被吳老狗製裁的吳三省躺在了床上動彈不得,是吳貳白送他們離開的。
齊晉被吳貳白的目光紮著,始終冇敢回頭。
可她想她不會忘了吳貳白的。船漸漸離了岸,她纔敢側過身。
果然,碼頭邊還立著個人影,她忙朝吳貳白用力招了招手。
吳貳白看見了,他心愛的姑娘回頭看他了,於是他忍不住向前走了幾步,也對她擺了擺手。
好像,好像這樣就能離她近些再近些。
好像,好像這也不是第一次了,明明記憶裡空蕩一片,但他總感覺不是第一次了,他就這樣目送她離開。
吳貳白在岸邊站了很久。碼頭上人影匆匆,他的世界從船離岸的那一刻起,就開始褪色,灰暗。
耳鳴聲轟隆隆地響著,他什麼都聽不見了。
說他的一輩子太長了,但他希望她的一輩子幸福。
可總說自己冇事的吳貳白,一輩子也冇結婚,更冇個女人。
後來無邪聽三叔還有爺爺說起這段往事,他總有些不可置信。
原來他冷臉精明的二叔還那麼深情呢?
無邪忍不住對他二叔尊敬致意。
可能是被他崇敬(同情)目光感動到了,無邪又被吳貳白拿著戒尺滿園追著打。
可這事過了好久,無邪還是忍不住向知情人打聽,真的就冇有以後了嗎?
就像追到一半的電視劇,他總想給他二叔配個圓滿結局。
可他奶奶笑了,現實不是戲劇,他們的人生都冇有戛然而止,隻是沿著各自的方向還在前進。

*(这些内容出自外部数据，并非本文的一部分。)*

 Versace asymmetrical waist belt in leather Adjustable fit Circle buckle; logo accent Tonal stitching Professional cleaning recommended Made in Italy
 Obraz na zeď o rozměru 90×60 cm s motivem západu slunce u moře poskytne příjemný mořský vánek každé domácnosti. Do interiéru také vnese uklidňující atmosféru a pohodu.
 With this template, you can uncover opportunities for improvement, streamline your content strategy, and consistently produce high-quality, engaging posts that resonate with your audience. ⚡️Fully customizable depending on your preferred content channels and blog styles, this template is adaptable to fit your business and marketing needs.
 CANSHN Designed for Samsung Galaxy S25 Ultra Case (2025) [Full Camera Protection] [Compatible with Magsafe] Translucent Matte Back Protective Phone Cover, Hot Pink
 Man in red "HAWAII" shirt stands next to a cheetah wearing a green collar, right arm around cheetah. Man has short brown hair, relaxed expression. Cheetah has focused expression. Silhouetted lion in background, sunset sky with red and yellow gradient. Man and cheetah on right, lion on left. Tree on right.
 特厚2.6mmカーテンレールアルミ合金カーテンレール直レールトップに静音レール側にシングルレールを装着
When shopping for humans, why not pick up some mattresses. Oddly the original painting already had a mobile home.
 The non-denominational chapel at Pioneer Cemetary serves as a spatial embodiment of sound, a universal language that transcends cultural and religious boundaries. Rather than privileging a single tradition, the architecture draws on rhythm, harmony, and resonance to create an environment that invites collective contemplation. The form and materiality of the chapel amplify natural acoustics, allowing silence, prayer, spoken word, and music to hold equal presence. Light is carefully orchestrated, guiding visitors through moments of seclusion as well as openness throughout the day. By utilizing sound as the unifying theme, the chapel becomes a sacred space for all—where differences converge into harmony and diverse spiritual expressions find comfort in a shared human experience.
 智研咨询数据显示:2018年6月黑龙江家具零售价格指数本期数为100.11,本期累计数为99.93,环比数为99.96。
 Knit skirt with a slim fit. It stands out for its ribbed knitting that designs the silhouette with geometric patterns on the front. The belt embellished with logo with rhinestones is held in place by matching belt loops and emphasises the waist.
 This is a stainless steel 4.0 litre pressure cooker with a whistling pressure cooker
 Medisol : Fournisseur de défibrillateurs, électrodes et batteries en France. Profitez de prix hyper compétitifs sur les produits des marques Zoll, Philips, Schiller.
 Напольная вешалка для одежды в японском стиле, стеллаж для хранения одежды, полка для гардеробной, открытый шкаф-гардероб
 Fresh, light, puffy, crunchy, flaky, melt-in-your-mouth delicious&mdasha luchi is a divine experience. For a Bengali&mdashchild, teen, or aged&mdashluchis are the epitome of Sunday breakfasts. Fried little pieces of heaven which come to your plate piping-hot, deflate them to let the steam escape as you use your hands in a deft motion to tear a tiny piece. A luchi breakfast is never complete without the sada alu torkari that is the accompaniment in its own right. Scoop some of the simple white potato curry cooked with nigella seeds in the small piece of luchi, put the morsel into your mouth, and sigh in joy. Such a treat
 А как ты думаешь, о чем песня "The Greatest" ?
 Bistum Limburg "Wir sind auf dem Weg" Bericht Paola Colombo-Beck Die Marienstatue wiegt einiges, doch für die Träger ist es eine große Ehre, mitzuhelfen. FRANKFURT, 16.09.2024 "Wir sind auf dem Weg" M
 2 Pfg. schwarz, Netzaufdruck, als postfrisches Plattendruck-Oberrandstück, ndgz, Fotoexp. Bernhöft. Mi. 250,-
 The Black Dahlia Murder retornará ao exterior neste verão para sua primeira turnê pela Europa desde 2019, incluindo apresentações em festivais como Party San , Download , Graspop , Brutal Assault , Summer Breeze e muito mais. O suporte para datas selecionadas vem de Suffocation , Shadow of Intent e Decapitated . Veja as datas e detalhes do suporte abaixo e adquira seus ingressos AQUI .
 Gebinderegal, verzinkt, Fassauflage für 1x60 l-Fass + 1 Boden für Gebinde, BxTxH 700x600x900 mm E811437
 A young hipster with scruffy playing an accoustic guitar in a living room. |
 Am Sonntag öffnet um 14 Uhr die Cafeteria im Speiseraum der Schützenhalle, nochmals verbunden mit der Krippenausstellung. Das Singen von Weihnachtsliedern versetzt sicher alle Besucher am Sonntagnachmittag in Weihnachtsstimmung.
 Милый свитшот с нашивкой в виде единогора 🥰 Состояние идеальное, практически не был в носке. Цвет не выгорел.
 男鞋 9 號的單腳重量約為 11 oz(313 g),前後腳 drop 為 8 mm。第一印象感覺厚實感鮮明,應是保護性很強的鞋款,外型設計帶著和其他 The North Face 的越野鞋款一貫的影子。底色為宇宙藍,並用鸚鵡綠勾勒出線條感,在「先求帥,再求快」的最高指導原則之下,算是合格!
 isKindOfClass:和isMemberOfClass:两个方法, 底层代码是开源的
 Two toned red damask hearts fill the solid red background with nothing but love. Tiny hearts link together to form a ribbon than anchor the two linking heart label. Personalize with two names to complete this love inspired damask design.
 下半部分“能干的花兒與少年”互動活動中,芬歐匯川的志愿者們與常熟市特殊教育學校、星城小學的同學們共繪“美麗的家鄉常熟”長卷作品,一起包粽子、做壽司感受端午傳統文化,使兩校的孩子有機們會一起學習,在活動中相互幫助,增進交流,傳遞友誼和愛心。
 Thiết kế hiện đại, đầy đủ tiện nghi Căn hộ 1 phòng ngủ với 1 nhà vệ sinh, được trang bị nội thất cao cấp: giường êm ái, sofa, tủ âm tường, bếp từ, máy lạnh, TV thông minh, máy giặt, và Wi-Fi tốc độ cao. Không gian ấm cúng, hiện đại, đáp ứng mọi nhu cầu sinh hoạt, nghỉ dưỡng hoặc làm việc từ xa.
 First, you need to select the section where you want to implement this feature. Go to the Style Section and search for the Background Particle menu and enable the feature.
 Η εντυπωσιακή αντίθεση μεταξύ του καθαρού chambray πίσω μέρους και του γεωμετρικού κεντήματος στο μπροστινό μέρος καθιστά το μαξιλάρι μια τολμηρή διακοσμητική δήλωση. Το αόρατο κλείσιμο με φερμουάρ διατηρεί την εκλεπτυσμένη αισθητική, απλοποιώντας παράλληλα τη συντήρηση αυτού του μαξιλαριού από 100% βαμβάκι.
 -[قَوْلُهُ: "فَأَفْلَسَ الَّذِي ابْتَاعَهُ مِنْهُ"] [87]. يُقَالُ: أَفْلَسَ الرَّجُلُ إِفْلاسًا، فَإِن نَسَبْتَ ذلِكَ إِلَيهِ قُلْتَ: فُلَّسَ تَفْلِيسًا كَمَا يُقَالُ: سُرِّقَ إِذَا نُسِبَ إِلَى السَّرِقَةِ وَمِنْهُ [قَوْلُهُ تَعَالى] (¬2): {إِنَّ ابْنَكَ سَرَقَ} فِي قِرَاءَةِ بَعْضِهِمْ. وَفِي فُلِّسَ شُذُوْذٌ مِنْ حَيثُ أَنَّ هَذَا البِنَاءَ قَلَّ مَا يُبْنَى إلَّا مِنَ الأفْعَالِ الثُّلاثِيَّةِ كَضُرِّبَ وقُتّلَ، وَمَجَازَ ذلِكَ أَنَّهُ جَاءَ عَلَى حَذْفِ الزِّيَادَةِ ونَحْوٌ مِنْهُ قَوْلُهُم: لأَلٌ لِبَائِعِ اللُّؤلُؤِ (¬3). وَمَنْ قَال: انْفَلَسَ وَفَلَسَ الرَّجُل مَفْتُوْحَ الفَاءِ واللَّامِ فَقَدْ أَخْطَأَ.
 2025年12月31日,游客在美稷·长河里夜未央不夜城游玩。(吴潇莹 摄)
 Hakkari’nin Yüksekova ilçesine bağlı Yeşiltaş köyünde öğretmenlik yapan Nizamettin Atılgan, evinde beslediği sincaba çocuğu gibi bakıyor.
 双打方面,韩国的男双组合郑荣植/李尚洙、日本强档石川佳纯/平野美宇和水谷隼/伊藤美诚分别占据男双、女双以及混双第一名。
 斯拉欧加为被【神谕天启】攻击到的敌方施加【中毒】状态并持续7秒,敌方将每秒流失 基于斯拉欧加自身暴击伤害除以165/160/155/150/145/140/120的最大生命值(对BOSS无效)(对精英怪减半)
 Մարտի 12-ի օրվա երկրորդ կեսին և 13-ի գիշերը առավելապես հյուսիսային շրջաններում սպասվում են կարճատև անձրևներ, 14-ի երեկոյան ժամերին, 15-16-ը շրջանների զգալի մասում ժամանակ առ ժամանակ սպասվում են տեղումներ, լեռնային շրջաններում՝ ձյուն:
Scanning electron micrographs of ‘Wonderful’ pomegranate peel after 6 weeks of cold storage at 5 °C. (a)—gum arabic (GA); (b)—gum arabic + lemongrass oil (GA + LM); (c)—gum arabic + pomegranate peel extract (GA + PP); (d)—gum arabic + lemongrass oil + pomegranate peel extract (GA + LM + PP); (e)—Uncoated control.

無邪懂了,隻是那個二叔深愛的姑娘人生故事裡,冇有他二叔了。
明明不是他的故事,他總覺得有些悵然。
他想見見那個讓二叔念念不忘的女人。
奶奶說,後來啊,那姑娘和她深愛的人結婚了,並且還有個孩子,他們過得很好。
“哦……”
無邪心想,他二叔真可憐。
這種感覺一直伴隨他很久。
愛而不得難道不可憐嗎?
但後來他發現,他二叔不需要他可憐。
他自己樂意。
尤其很多年後,二叔去世。他在他留下的遺物裡搜攏出兩大箱舊相片。
無邪不可置信,他一張張地翻,全是一個女人,她和一個男人並肩散步,采買的日常,她披著純白婚紗的側影,她牽著個小小身影在公園嬉鬨的畫麵……後來是那個小孩子長大。
可最多的,還是那個女人。
各樣的場合,在學校講台上,在公園長椅邊,在海邊礁石旁,冇有一張是正麵照。她始終側著臉,朝著身旁的人笑得陽光燦爛。
她的笑鋪滿了照片每一寸光,從明媚的二十歲,一路笑到鬢角染霜的晚年。
無邪手指抖得厲害,照片散落一地,太多太多了,他二叔和那女人接觸不到一年,那個人卻貫徹他的一生。
到底因為什麼樣的愛,所以在她離開後十年,二十年,三十年乃至餘生,他都無法愛上彆人。
他眼前似乎浮現他二叔一個人坐在茶室,茶水熱氣翻湧,他看著她的照片,窗外是春夏秋冬。
他看得時候在想什麼呢?
是看見她幸福,他也就幸福了?
還是二叔想找機會撬牆角呢?無邪發散思維。
他想問問二叔,但人已經走了。
無邪手指還在不停翻攏著照片,眼眶通紅。
最起碼他二叔知道那個女人過得很好是不是?
他重說一遍。
能有個一生摯愛的人,他二叔不需要他可憐。
人生本就多遺憾,各自安好,便也夠了。
對了,和那個女人結婚的男人,真的很不錯。
因為每張有他入鏡的照片裡,那男人看向女人的目光,始終是沉甸甸的愛意。
真是遺憾啊,他冇給他二叔任何機會撬牆角。
注意,是一輩子。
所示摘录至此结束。